Class PairwiseMetric (1.75.0)

PairwiseMetric(
    *,
    metric: str,
    metric_prompt_template: typing.Union[
        vertexai.evaluation.metrics.metric_prompt_template.PairwiseMetricPromptTemplate,
        str,
    ],
    baseline_model: typing.Optional[
        typing.Union[
            vertexai.generative_models.GenerativeModel, typing.Callable[[str], str]
        ]
    ] = None
)

A Model-based Pairwise Metric.

A model-based evaluation metric that compares two generative models' responses side-by-side, and allows users to A/B test their generative models to determine which model is performing better.

For more details on when to use pairwise metrics, see Evaluation methods and metrics.

Result Details:

* In `EvalResult.summary_metrics`, win rates for both the baseline and
candidate model are computed. The win rate is computed as proportion of
wins of one model's responses to total attempts as a decimal value
between 0 and 1.

* In `EvalResult.metrics_table`, a pairwise metric produces two
evaluation results per dataset row:
    * `pairwise_choice`: The choice shows whether the candidate model or
      the baseline model performs better, or if they are equally good.
    * `explanation`: The rationale behind each verdict using
      chain-of-thought reasoning.
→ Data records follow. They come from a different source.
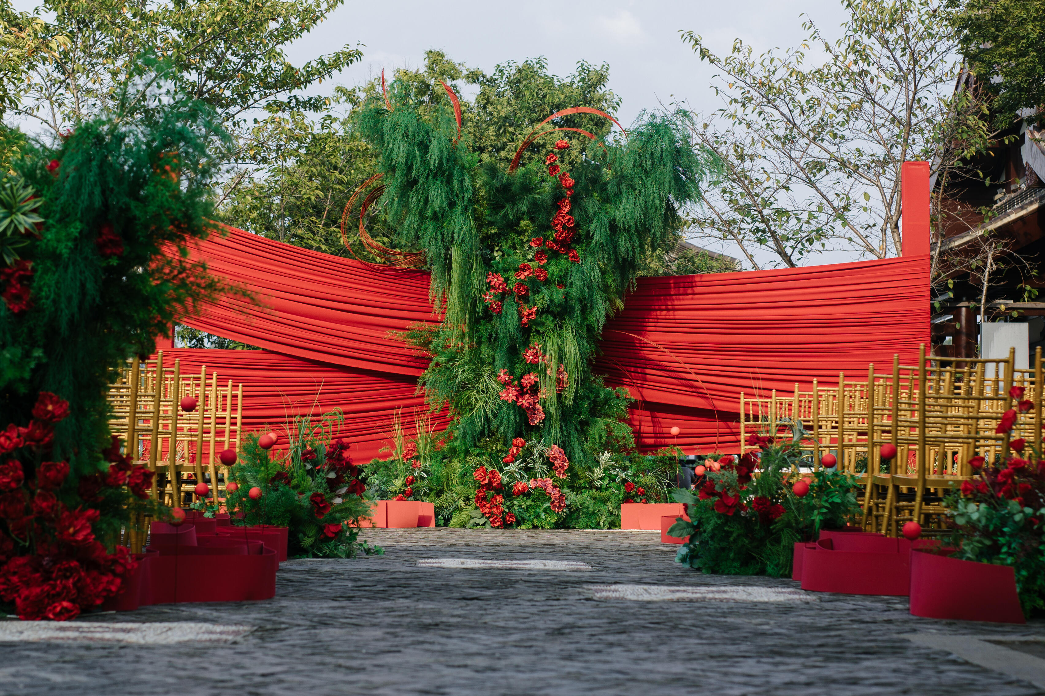 农村红色户外森系婚礼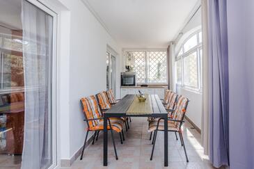 Ferienwohnung bietet Platz für 6 Gäste. Die Betten sind in Schlafzimmern, die es 2 gibt, und in Wohnzimmer, innerhalb einer Gesamtfläche von 48m2, angeordnet. Die Gäste haben eine eigene Terrasse zur Verfügung, auf der sie in warmen Sommernächten genießen können. Es ist erlaubt, Speisen auf dem Gemeinschafts-Grill vorzubereiten. In der Unterkunftseinheit besteht die Möglichkeit des Mitbringens von Haustieren gegen Aufpreis.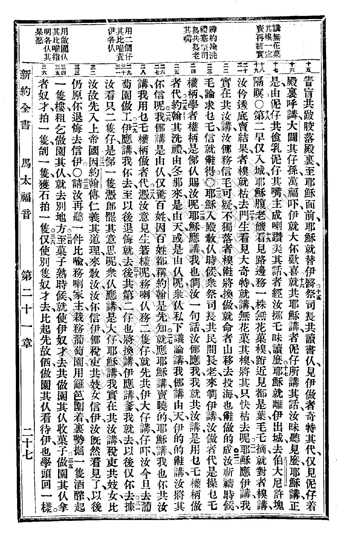 1937年福州土腔聖經 馬太福音 21 章 15 節到 21 章 36 節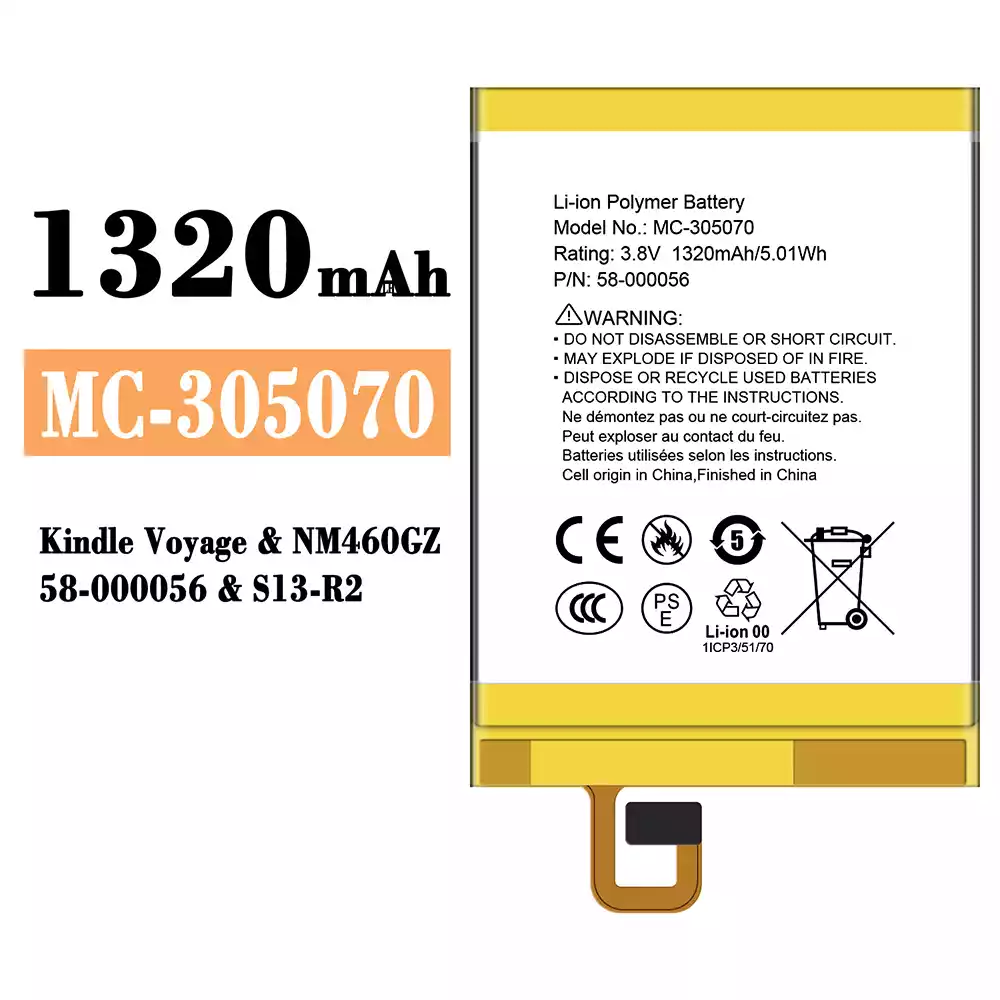 Battery MC-305070 for Amazon Kindle Voyage/NM460GZ/58-000056/S13-R2

The explanation helps users scrutinize
      the judgment and builds appropriate trust in the decisions.

See [documentation
page](https://cloud.google.com/vertex-ai/generative-ai/docs/models/determine-eval#understand-results)
for more details on understanding the metric results.

Usage Examples:

```
baseline_model = GenerativeModel("gemini-1.0-pro")
candidate_model = GenerativeModel("gemini-1.5-pro")

pairwise_groundedness = PairwiseMetric(
    metric_prompt_template=MetricPromptTemplateExamples.get_prompt_template(
        "pairwise_groundedness"
    ),
    baseline_model=baseline_model,
)
eval_dataset = pd.DataFrame({
      "prompt"  : [...],
})
pairwise_task = EvalTask(
    dataset=eval_dataset,
    metrics=[pairwise_groundedness],
    experiment="my-pairwise-experiment",
)
pairwise_result = pairwise_task.evaluate(
    model=candidate_model,
    experiment_run_name="gemini-pairwise-eval-run",
)
```

Methods

PairwiseMetric

PairwiseMetric(
    *,
    metric: str,
    metric_prompt_template: typing.Union[
        vertexai.evaluation.metrics.metric_prompt_template.PairwiseMetricPromptTemplate,
        str,
    ],
    baseline_model: typing.Optional[
        typing.Union[
            vertexai.generative_models.GenerativeModel, typing.Callable[[str], str]
        ]
    ] = None
)

Initializes a pairwise evaluation metric.